Katy and I felt like nomads. She brought incense and soon the tent felt like an extension of one of our rooms. Katy is very close to me in age, so we fell in the same peer group. My sister Scarlette at the time was clearly in the older adult group, which also explains the tent assignment. Ethan tended to pee the bed, so I was glad to be in the little stinky tent with Katy.
Later that night, after everyone had gone to sleep, I awoke to a loud rustling. I looked down by my feet to see my mother fidgeting with the zipper.
"We got washed out over there," she says, exasperated. "Help me get this damn zipper."
I play like I am sleeping, but she grabs my foot through the tent and pulls on it to wake me. I resign, sit up, and open the zipper, and my Mom settles in the middle of the tent, pushing me into the tent wall.
"Goodnight," she says.
The next morning I wake up to the sound of Scarlette's battery-operated coffee grinder. She insists on drinking only fresh coffee regardless of her location. This seems ridiculous: me with my bright, yellow plastic record player and my sister with her black Krupp's battery-operated bean grinder. I sit at the picnic table, drinking my coffee and listening to the constant ocean sounds.

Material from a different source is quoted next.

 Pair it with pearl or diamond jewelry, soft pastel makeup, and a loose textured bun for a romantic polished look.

Scarlette looks exhausted.
"I slept next to the fire in the lawn chair," her smoker's voice grates.
She is wearing her usual all black-and-white attire, her platinum bleached hair sticking out of the back of her black ballcap. The big and fancy "pee" tent is airing dry on a tree limb. After coffee we gather our things and drag them all to the beach nearby. Ethan looks well rested and saunters in front of us, enthusiastic and barefoot.

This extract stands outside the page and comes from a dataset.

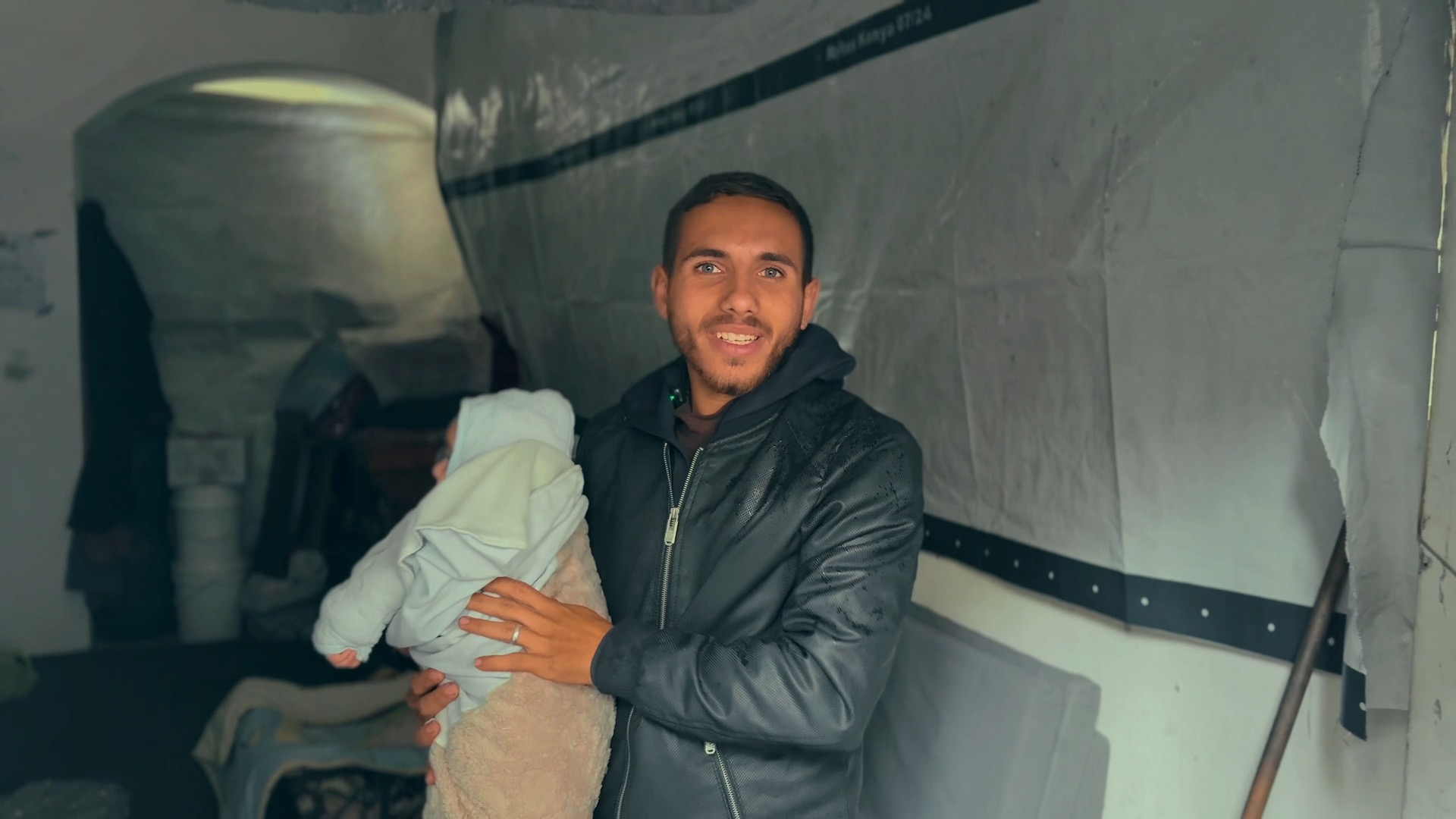 During the war of genocide on Gaza, Khaled lost his job, his home was destroyed, and he lost two motorcycles that represented the capital of his delivery project. He was forced to flee and live in Palestine Stadium.

His feet are fat and round. Scarlette calls them "filet mignon feet." Scarlette pays attention to feet. The R&B group En Vogue, popular in the 90s, had "Daisy Duck feet." My mother has "engine feet" because they are so calloused.
Scarlette yells at Ethan to slow down.
Katy and I are the pack mules of the group, obliged to haul all the chairs, baskets, and coolers. Once settled, I drag a reluctant Katy to the water. We get about ankle-deep and Katy says, "It's too damn cold."
"We'll get used to it: come on!"
I am super enthusiastic about swimming so she sees no point in putting up a fight. After walking out a bit the current pulls at us.
"There's a good undertow today," Katy remarks worriedly, like a seasoned Islander though she lives inland.
"Yeah. I better go get the buoys."
We swim/run back to our pile of junk where my mother is sitting under an umbrella reading a Dr. Seuss book with Ethan. Scarlette is on a lounge chair and I wave as I walk past.